Unnamed: 0,Abingdon island giant tortoise gene name,African ostrich gene name,Algerian mouse gene name,Alpaca gene name,Alpine marmot gene name,Amazon molly gene name
0,,,,,,
1,,MT-ND1,,ND1,,
2,,MT-ND2,,ND2,,
3,,MT-CO1,,COX1,,
4,,MT-CO2,,COX2,,


In [9]:
df = dataset.query(attributes = [species_list[0]])
df.columns[0].replace(' gene name','')

'Abingdon island giant tortoise'

In [10]:
def get_list(species):
    df = dataset.query(attributes = [species])
    genes = df.iloc[:,0].str.upper().to_list()
    return genes

In [11]:
def get_specie_name(species):
    df = dataset.query(attributes = [species])
    name = df.columns[0].replace(' gene name','')
    return name

In [13]:
gene_list = [get_list(species) for species in species_list]

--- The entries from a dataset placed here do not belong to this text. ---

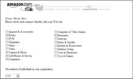 7. Check each category that your Web site falls into, as shown in Figure 14-6.
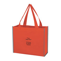 Made Of 80 Gram Laminated Non-Woven, coated water-resistant polypropylene . Patented reflective piping accents . Great for grocery stores, markets, book stores and more. Features 6-inch gusset . Reusable . Recyclable . 24-inch handles. Dimensions: 16 1/4W x 13H x 6D. Please choose two or three lines only from the following options: Dealer Name, 1st Line of Address, Phone Number, Website, Social Media Handle/URL. Or upload your logo only. Minimum order quantity 150 pieces. Order will ship in 7-10 business days, does not include transit time. Current pricing includes one color/one location imprint. Pricing will vary based on logo provided, quantity of colors and number of locations requested.
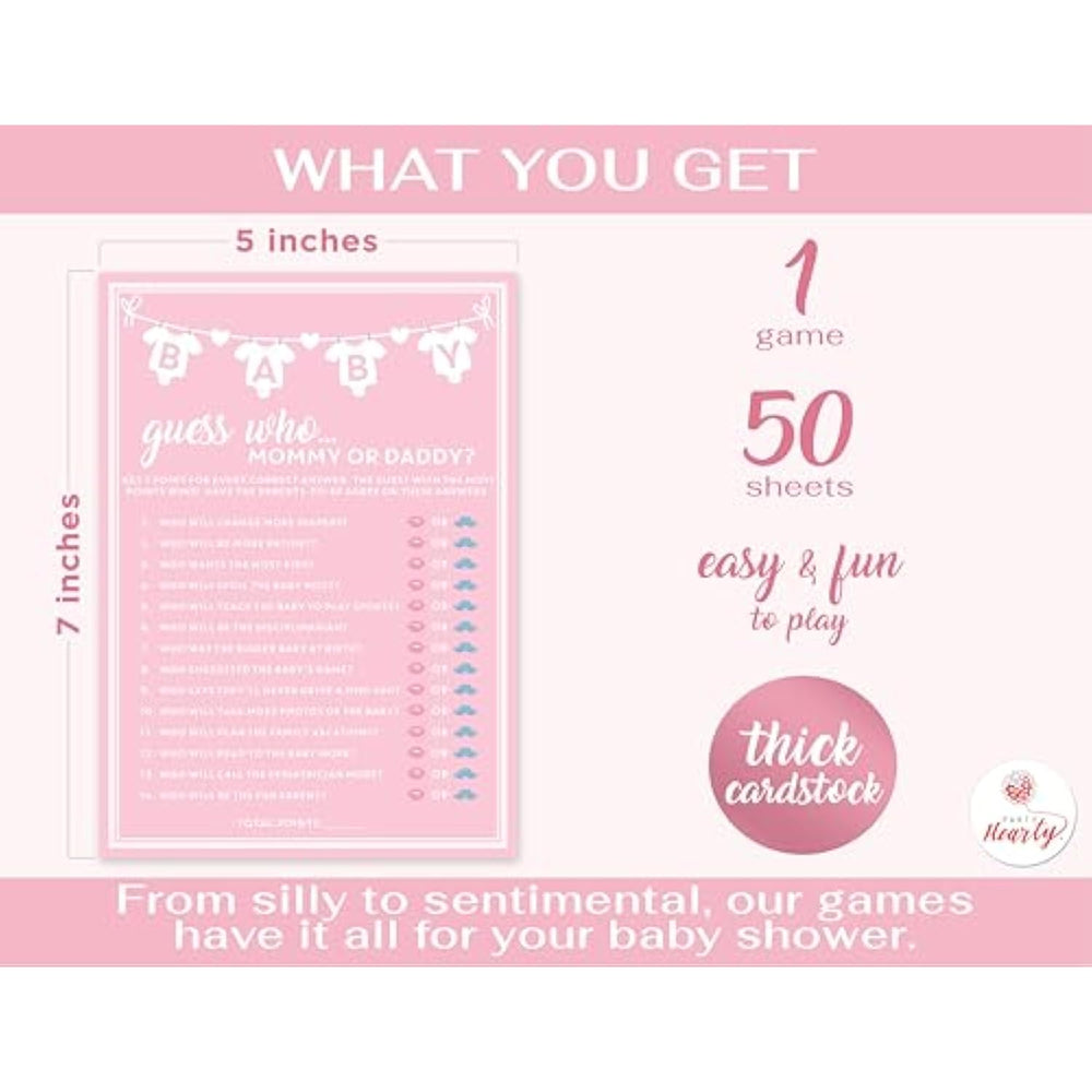 | Transform Your Baby Shower Into An Epic Celebration With Our Fun And Hilarious Baby Shower Games Kit For All; Your Guests Will Have A Blast Playing This Game; The Perfect Baby Shower Activity To Liven Up Your Baby Shower Party | | Baby Shower Game Extravaganza Includes 50 Cards Of Guess Who Mommy Or Daddy; Professionally Printed On Thick Matte Premium Offset Papers, Sturdy Easy To Write On; It Measures Perfectly At 5X7 Inch | | Laugh, Bond, And Win With Our Easy To Play Baby Shower Games Funny For Girl Baby Showers; These Baby Games For Baby Shower Will Be A Great Ice Breaker; Our Goal Is To Make Everything Easy For You; No Special Preparation Is Necessary | | Easy To Play All You Have To Do Is Open The Box And Start Playing; Adult And Coed Will Love The Baby Shower Ideas Of These Girl Baby Shower Games; It Will Fit With Any Baby Shower Theme | | Make Unforgettable Memories These Babyshower Games Set Kits Are Everything That You Need To Create Lasting Memories | |
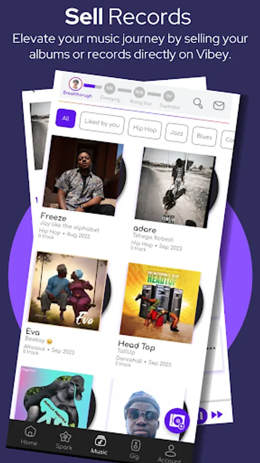 **Sell Records:** Elevate your music journey by selling your albums or records directly on Vibey. Showcase your albums to a global audience, and with easy-to-use album management tools, bring your music to the forefront of the industry.
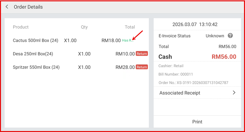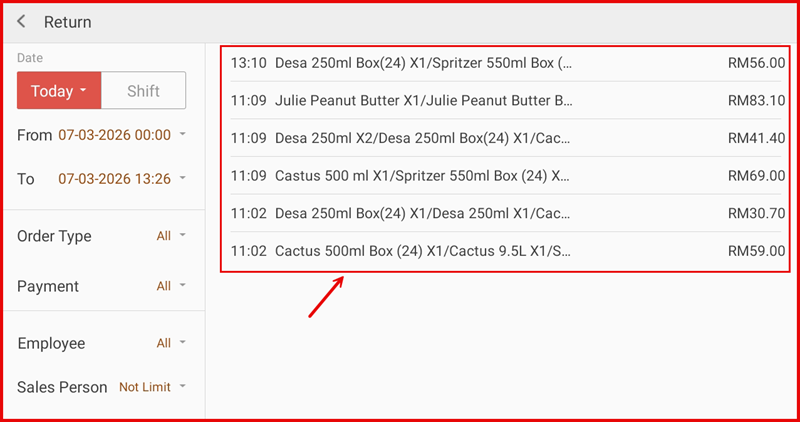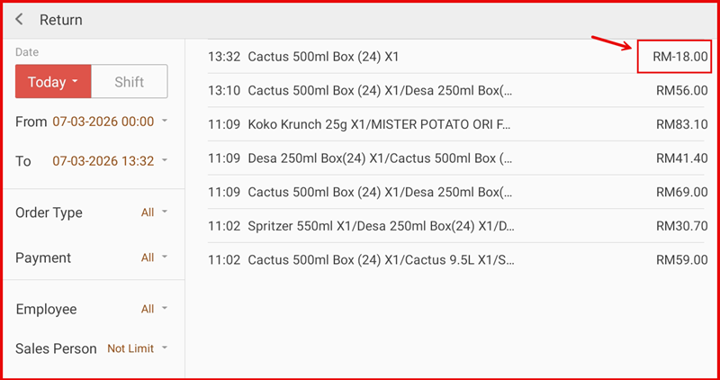 Go back to the Return screen. The completed return now appears at the top of the list with a negative amount (e.g. RM-18.00), confirming the refund has been recorded in the system.
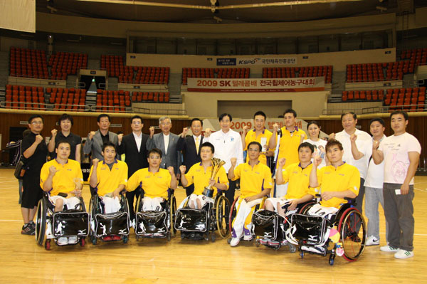 1일 경기도장애인체육회에 따르면 지난달 28일부터 4일동안 서울 올림픽펜싱경기장에서 열린 2009 SK텔레콤배 전국휠체어농구대회에서 수원을 연고로한 무궁화전자가 1부리그 우승을 차지했다.
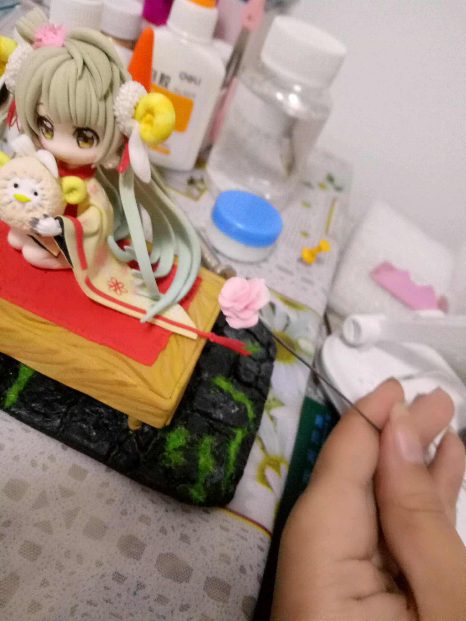 个小花盆 捏点花花插里面 比较小 耐心捏
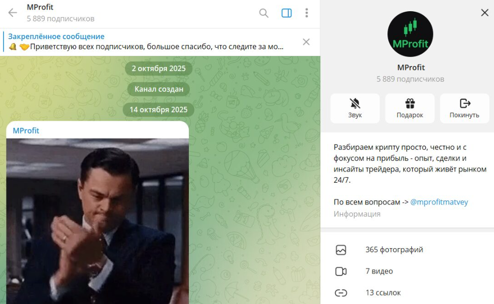 Показатели вовлеченности (ERR) и просмотры постов вызывают сильные подозрения в накрутке. Обычно у реальных трейдеров аудитория набирается годами за счет качественной аналитики, а здесь мы видим обычное «ботоводство»: подписчики есть, а живой активности в комментариях и чатах — минимум. Матвей (@Mprofitmatvey) явно пытается создать иллюзию популярности, чтобы войти в доверие к неопытным трейдерам, которые привыкли верить цифрам на счетчике.

BiomartException: African ostrich gene name
MT-ND1
MT-ND2
MT-CO1
MT-CO2
MT-ATP6
MT-CO3
MT-ND3
MT-ND4
MT-ND5
MT-ND6
MT-CYB
Query ERROR: caught BioMart::Exception::Database: Could not connect to mysql database ensembl_mart_108: DBI connect('database=ensembl_mart_108;host=127.0.0.1;port=5316','ensro',...) failed: Lost connection to MySQL server at 'reading initial communication packet', system error: 2 at /nfs/public/ro/ensweb/live/mart/www_108/biomart-perl/lib/BioMart/Configuration/DBLocation.pm line 98.


In [14]:
species_name = [get_specie_name(species) for species in species_list]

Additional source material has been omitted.